== Your objective ==
Below are the records; give again exactly the line with "619 тис грн.", the line with "Davi & Dani", and each line that lies between them, and nothing besides.

== Stored data ==
= Beginning of Section =
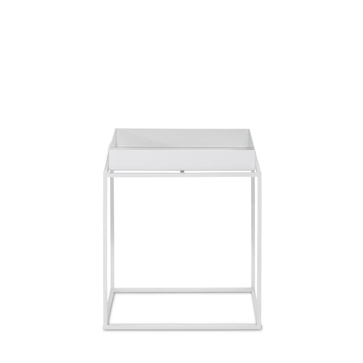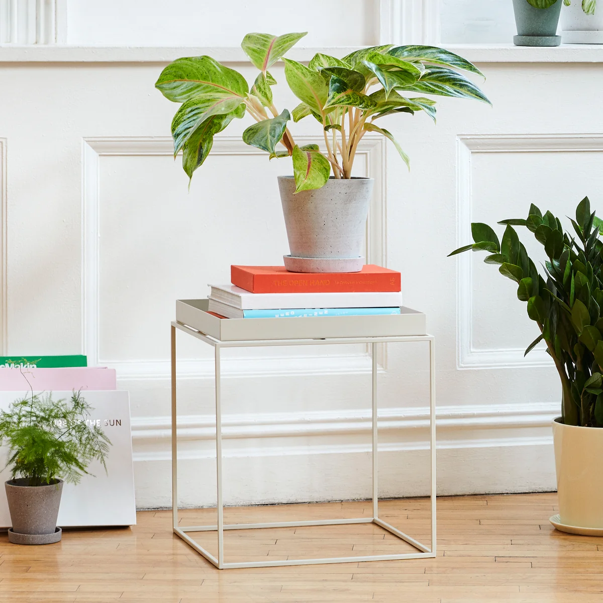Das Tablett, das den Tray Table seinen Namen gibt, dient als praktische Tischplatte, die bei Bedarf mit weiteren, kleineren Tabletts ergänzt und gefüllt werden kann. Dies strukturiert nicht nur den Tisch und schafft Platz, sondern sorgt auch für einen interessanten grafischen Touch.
= End of Section =
= Beginning of Section =
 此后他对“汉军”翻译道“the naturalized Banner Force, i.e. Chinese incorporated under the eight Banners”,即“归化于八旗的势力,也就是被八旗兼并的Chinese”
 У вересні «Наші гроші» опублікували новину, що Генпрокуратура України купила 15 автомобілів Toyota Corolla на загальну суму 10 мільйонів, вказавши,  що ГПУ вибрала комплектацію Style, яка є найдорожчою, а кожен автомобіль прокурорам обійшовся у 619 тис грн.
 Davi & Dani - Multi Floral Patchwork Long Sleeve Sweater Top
= End of Section =
= Beginning of Section =
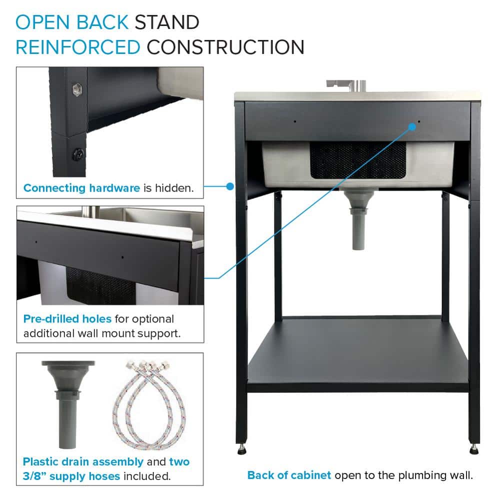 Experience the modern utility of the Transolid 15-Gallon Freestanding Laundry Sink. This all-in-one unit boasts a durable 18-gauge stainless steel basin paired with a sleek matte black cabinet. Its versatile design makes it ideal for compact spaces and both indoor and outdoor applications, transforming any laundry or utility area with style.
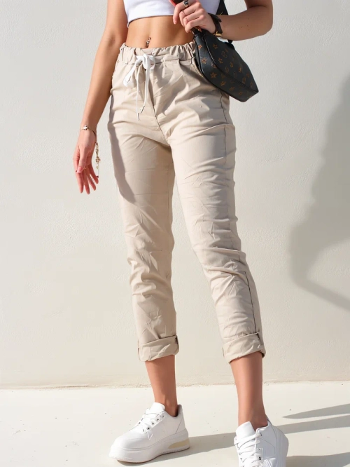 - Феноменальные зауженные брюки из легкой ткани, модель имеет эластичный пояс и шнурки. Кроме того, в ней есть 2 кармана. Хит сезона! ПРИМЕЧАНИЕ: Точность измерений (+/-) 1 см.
= End of Section =
== Expected answer ==
 У вересні «Наші гроші» опублікували новину, що Генпрокуратура України купила 15 автомобілів Toyota Corolla на загальну суму 10 мільйонів, вказавши,  що ГПУ вибрала комплектацію Style, яка є найдорожчою, а кожен автомобіль прокурорам обійшовся у 619 тис грн.
 Davi & Dani - Multi Floral Patchwork Long Sleeve Sweater Top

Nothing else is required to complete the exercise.